Task instructions -> The data below should be restated word for word, with every picture omitted.

Exercise data ->
+ + + +
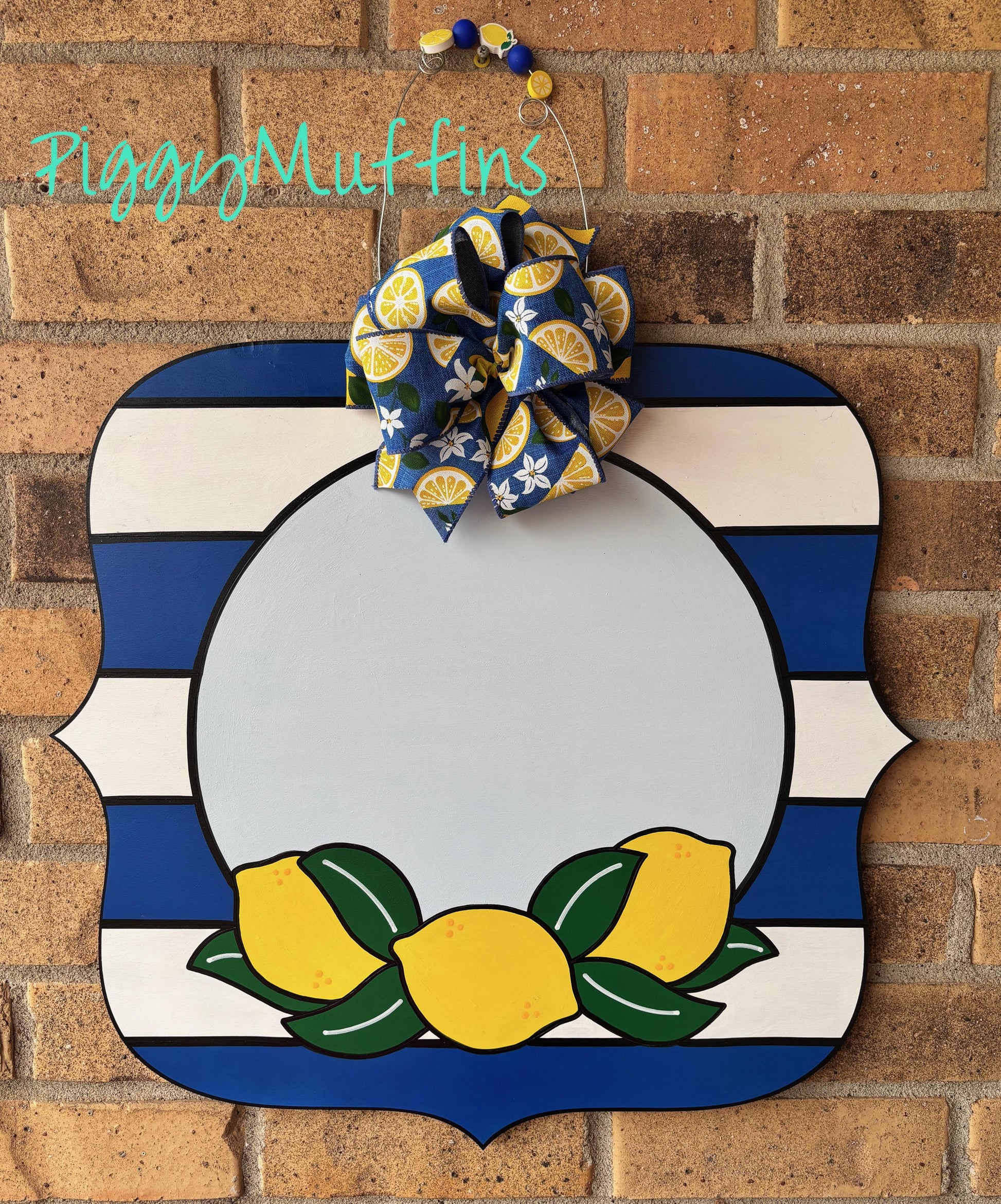 Personalize this cute summer lemon door hanger by PiggyMuffins with an initial for a monogram, or use any customizable greeting! Perfect for summer, this cute summer lemon welcome sign makes a great gift.
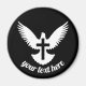 Silhueta de pomba com asas abertas e uma cruz. Texto personalizado.
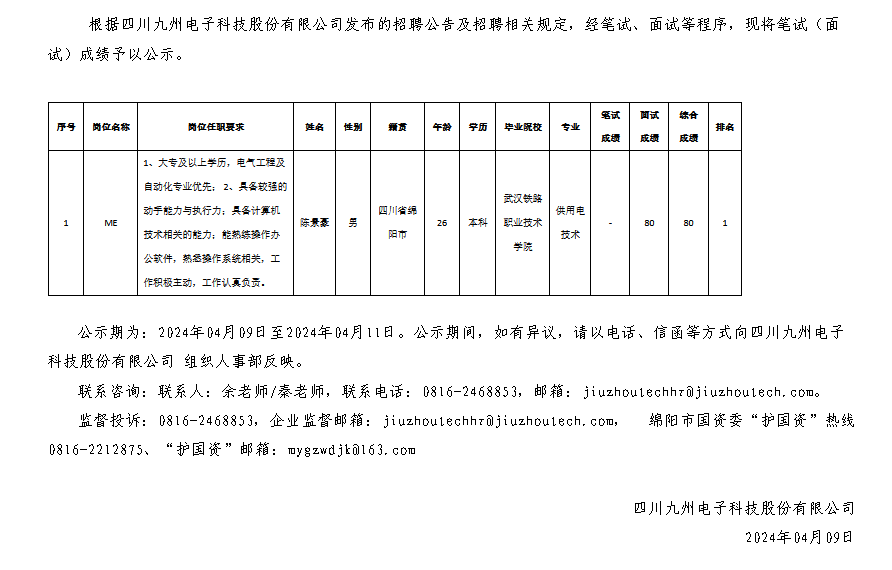 四川九州電子科技股份有限公司關(guān)于招聘ME崗位測(cè)試成績(jī)的公示
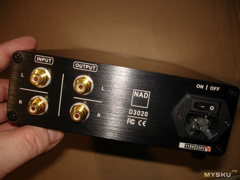 Панель сзади побогаче. Есть RCA входы и выходы слева, и гнездо под силовой кабель с выключателем справа. По центру красуется (нескромно и незаконно) фирменный логотип NAD и номер модели D3020:
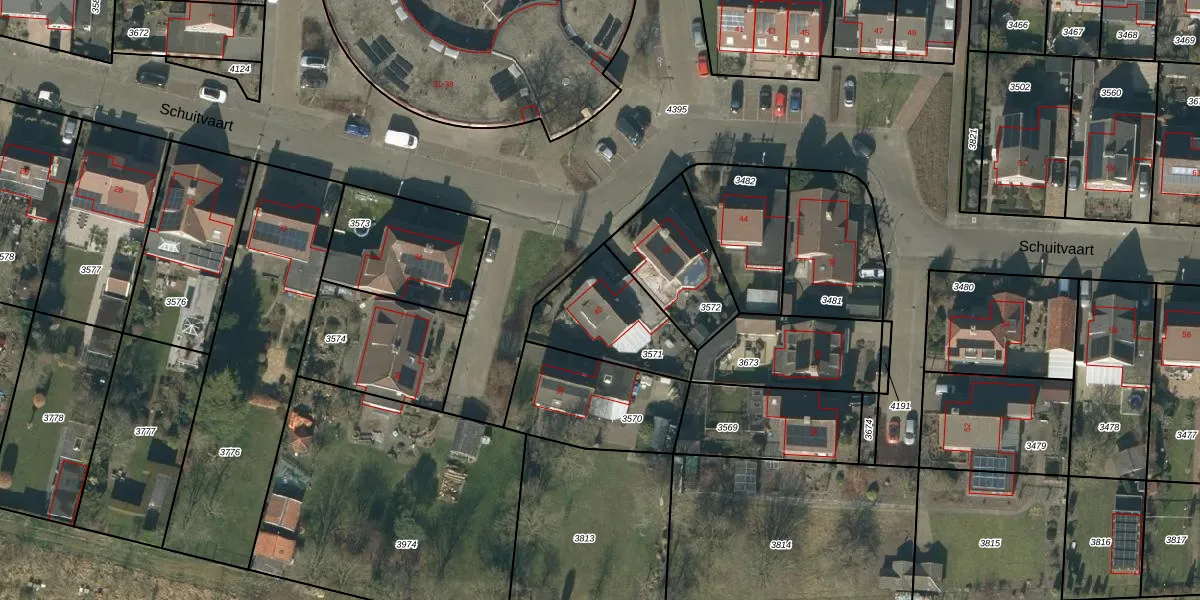 Het perceel waarop Schuitvaart 40 staat heeft een oppervlakte van 352 m². Dit is een groot perceel. De perceeloppervlakte wordt geregistreerd door het Kadaster. Gedetailleerde informatie over de maten van dit perceel kunt u vinden in het rapport Kadastrale kaart met maatvoering van Schuitvaart 40.
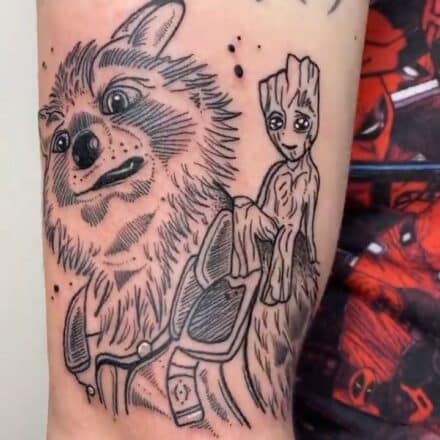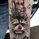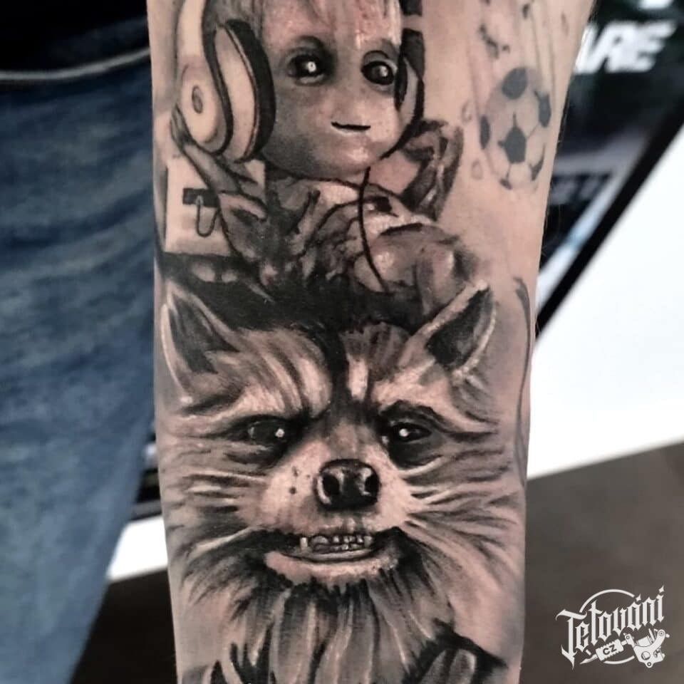 Tetování portrét z filmů a pohádek Marvel, postavičky Groot a Rocket na předloktí
+ + + +
Response for this exercise ->
 Personalize this cute summer lemon door hanger by PiggyMuffins with an initial for a monogram, or use any customizable greeting! Perfect for summer, this cute summer lemon welcome sign makes a great gift.
 Silhueta de pomba com asas abertas e uma cruz. Texto personalizado.
 四川九州電子科技股份有限公司關(guān)于招聘ME崗位測(cè)試成績(jī)的公示
 Панель сзади побогаче. Есть RCA входы и выходы слева, и гнездо под силовой кабель с выключателем справа. По центру красуется (нескромно и незаконно) фирменный логотип NAD и номер модели D3020:
 Het perceel waarop Schuitvaart 40 staat heeft een oppervlakte van 352 m². Dit is een groot perceel. De perceeloppervlakte wordt geregistreerd door het Kadaster. Gedetailleerde informatie over de maten van dit perceel kunt u vinden in het rapport Kadastrale kaart met maatvoering van Schuitvaart 40.
 Tetování portrét z filmů a pohádek Marvel, postavičky Groot a Rocket na předloktí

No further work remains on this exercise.